Finch models were released in sizes of 0.1B, 1.6B, 3B, 7B, and 14B parameters.^[2] Finch also introduced state tuning, a parameter-efficient technique for fine-tuning only the initial hidden states of the model for alignment and downstream tasks, without modifying the main model weights.^[2] Compared to Eagle 7B, Finch 7B improved by 5.38% across all benchmarks, and Finch 14B improved by an additional 7.14%. Evaluations covered 235 benchmarks in total using the LM evaluation harness.^[2]
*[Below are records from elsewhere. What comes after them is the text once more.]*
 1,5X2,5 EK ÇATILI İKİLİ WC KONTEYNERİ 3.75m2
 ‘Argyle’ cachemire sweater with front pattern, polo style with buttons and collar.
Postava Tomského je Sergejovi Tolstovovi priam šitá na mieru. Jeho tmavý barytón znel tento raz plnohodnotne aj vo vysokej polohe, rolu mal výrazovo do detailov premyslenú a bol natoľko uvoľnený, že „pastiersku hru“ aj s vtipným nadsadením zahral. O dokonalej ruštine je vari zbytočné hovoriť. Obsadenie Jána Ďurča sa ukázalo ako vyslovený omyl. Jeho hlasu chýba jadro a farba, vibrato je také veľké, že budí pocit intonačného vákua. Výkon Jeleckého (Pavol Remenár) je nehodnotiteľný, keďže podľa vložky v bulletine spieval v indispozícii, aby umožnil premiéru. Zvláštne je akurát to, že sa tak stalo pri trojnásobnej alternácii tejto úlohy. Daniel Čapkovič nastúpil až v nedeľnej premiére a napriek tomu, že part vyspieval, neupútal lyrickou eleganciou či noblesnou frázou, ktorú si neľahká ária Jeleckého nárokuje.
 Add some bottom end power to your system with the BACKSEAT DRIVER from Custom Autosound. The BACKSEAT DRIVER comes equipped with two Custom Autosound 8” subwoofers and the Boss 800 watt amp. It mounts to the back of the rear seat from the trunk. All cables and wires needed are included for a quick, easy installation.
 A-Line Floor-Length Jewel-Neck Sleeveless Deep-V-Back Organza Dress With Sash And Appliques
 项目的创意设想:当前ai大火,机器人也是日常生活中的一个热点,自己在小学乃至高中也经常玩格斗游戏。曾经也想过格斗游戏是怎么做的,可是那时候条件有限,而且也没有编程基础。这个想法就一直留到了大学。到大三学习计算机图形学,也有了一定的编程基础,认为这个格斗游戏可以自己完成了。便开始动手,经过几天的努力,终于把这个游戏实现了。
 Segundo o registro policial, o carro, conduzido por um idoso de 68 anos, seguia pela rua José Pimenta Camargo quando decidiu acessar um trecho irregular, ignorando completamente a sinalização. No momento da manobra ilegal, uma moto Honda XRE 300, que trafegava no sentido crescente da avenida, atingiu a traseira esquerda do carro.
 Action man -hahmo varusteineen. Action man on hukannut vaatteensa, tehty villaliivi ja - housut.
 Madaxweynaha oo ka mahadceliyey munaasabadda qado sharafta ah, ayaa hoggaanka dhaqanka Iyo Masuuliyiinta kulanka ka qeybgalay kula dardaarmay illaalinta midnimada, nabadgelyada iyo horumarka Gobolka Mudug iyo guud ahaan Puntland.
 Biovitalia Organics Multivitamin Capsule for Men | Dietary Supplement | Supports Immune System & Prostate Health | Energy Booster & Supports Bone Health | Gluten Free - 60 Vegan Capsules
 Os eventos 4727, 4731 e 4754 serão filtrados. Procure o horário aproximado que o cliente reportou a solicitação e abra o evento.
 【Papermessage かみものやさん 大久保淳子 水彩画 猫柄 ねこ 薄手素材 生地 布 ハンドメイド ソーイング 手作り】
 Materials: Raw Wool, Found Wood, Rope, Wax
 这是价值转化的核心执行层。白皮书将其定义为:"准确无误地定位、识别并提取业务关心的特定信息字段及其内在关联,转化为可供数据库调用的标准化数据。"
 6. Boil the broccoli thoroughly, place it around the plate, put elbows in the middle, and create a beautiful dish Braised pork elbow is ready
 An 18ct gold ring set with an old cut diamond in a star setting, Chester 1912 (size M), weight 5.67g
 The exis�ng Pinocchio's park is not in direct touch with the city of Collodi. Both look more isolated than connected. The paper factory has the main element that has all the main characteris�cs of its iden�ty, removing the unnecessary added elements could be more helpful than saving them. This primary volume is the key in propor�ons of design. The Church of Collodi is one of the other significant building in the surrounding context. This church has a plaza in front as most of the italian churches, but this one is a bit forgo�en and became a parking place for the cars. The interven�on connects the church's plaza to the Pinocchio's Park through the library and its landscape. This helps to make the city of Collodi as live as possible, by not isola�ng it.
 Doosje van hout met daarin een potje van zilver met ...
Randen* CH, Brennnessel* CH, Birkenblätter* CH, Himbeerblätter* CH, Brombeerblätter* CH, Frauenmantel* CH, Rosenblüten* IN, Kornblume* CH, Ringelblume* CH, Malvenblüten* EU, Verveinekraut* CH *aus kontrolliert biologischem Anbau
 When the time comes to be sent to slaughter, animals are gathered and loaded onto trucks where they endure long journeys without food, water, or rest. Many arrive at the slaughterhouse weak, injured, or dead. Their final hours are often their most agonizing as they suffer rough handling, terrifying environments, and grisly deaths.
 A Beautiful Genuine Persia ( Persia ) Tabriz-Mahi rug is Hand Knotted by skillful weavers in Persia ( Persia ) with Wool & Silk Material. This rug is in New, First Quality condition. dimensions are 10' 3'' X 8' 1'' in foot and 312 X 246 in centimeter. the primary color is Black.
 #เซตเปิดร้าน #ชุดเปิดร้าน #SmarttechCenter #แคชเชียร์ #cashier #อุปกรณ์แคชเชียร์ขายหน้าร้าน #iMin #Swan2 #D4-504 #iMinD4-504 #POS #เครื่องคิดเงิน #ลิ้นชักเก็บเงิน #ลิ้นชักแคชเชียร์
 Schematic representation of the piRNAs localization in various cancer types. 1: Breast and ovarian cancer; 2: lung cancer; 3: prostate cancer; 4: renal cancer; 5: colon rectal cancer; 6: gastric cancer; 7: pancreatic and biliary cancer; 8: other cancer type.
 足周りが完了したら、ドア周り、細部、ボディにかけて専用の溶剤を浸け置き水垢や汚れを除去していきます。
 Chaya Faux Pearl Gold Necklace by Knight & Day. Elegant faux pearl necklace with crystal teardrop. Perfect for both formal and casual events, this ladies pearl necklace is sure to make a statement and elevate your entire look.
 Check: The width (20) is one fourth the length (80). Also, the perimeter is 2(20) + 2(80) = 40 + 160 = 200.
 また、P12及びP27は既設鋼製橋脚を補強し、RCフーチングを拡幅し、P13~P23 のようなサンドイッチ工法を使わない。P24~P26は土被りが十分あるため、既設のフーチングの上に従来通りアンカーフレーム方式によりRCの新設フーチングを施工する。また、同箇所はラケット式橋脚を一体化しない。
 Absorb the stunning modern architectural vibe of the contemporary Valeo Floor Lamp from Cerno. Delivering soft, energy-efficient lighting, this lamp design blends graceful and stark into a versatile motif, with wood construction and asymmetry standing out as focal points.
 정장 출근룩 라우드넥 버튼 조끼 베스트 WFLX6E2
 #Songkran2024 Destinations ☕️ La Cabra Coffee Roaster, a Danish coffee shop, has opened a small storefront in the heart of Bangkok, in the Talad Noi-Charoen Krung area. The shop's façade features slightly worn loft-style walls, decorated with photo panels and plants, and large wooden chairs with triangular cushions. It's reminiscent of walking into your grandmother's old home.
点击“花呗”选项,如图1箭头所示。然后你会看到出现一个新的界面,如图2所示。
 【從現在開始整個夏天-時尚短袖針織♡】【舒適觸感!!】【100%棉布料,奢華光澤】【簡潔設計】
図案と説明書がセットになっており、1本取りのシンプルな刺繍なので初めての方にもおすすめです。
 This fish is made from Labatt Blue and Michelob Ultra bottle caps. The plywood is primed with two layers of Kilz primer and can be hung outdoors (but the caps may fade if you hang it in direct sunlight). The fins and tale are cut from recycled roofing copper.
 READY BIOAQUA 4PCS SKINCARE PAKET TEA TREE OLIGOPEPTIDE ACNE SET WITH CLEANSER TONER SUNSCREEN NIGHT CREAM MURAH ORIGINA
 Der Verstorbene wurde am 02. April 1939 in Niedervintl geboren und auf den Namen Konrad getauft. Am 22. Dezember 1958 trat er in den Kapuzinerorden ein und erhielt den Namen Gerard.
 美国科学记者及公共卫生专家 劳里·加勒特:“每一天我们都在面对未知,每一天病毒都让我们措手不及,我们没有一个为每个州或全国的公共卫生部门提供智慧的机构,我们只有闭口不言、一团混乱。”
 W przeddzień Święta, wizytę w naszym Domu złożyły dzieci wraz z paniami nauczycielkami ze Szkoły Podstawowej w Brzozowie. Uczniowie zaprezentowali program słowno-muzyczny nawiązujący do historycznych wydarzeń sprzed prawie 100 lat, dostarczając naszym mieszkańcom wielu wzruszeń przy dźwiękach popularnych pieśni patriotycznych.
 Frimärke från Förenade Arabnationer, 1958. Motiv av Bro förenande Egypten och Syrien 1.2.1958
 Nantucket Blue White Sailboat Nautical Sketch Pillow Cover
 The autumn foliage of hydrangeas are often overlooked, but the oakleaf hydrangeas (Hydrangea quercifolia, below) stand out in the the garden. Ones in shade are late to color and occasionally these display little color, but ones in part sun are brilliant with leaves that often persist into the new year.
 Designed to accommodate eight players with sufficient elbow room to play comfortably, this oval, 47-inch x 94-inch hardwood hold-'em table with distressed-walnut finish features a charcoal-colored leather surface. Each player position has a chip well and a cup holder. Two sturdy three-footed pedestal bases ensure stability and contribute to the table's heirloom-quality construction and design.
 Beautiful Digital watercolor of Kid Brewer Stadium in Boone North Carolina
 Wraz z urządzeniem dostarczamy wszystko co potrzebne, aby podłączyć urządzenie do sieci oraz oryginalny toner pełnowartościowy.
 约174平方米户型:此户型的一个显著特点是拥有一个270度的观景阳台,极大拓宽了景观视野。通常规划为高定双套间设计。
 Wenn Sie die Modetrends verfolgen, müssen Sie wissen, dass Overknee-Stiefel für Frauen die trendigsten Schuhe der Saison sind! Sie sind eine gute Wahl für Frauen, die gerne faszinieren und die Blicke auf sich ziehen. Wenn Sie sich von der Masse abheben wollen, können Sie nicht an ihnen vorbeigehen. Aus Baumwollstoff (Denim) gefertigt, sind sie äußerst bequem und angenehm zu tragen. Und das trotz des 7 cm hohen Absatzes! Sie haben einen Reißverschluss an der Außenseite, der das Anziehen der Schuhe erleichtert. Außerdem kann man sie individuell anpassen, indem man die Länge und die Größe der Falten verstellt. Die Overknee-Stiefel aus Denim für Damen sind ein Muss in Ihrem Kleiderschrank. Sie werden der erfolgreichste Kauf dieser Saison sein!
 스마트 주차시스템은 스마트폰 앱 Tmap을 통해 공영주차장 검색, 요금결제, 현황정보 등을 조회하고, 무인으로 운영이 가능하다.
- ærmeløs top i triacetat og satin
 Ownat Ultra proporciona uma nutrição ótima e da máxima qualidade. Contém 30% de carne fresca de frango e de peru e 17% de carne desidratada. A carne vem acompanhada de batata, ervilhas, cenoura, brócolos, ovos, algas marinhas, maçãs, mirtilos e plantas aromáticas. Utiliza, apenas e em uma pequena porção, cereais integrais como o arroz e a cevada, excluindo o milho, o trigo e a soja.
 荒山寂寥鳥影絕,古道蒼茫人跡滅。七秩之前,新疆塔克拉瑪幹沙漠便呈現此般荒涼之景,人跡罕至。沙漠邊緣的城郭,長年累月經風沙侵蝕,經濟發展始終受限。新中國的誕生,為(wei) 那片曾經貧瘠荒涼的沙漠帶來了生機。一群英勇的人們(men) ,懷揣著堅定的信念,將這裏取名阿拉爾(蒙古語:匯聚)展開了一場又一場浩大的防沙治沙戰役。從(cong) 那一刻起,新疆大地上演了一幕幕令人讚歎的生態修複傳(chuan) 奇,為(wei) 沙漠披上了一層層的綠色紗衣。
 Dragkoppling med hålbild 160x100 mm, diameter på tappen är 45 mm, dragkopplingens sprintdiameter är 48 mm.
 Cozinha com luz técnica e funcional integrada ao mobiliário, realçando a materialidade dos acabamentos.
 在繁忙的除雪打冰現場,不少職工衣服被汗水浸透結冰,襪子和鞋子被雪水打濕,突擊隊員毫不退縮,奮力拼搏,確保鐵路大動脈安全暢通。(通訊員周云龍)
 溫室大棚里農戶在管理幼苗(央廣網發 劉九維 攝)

RWKV-7 "Goose" (2024-2025)

Goose represents the most substantial architectural change since RWKV-4, introducing expressive dynamic state evolution based on a generalized formulation of the delta rule.^[3] The paper describes the change in one sentence: RWKV-7 "introduces a newly generalized formulation of the delta rule with vector-valued gating and in-context learning rates, as well as a relaxed value replacement rule."^[3] The 2025 paper "RWKV-7 'Goose' with Expressive Dynamic State Evolution" (Peng et al.), with 18 co-authors, describes three key innovations:^[3]

Vector-valued gating: Replaces scalar gating with vector-valued gates, allowing per-channel control over information retention and removal. This provides significantly more expressivity than the scalar gates used in earlier versions.
In-context learning rates: Each channel can selectively update the state at different rates, enabling the model to simulate a form of gradient descent during inference. This allows the model to adapt its internal representations to the current context more effectively.
Relaxed value replacement rule: Decouples the keys used for removing information from the state and the keys used for adding new information, providing greater flexibility in state management and allowing the model to selectively forget old information while storing new content in a different manner.

RWKV-7 also simplifies the token shift and channel mixing modules compared to RWKV-6, removing data dependency from token shift and simplifying channel mixing gating. These simplifications improve both training and inference speed without sacrificing quality.^[3]

A significant theoretical result is that RWKV-7 "can perform state tracking and recognize all regular languages, while retaining parallelizability of training," a capability the authors note "exceeds the capabilities of Transformers under standard complexity conjectures, which are limited to TC0."^[3] This means RWKV-7 is strictly more powerful than Transformers in certain formal language recognition tasks.^[3]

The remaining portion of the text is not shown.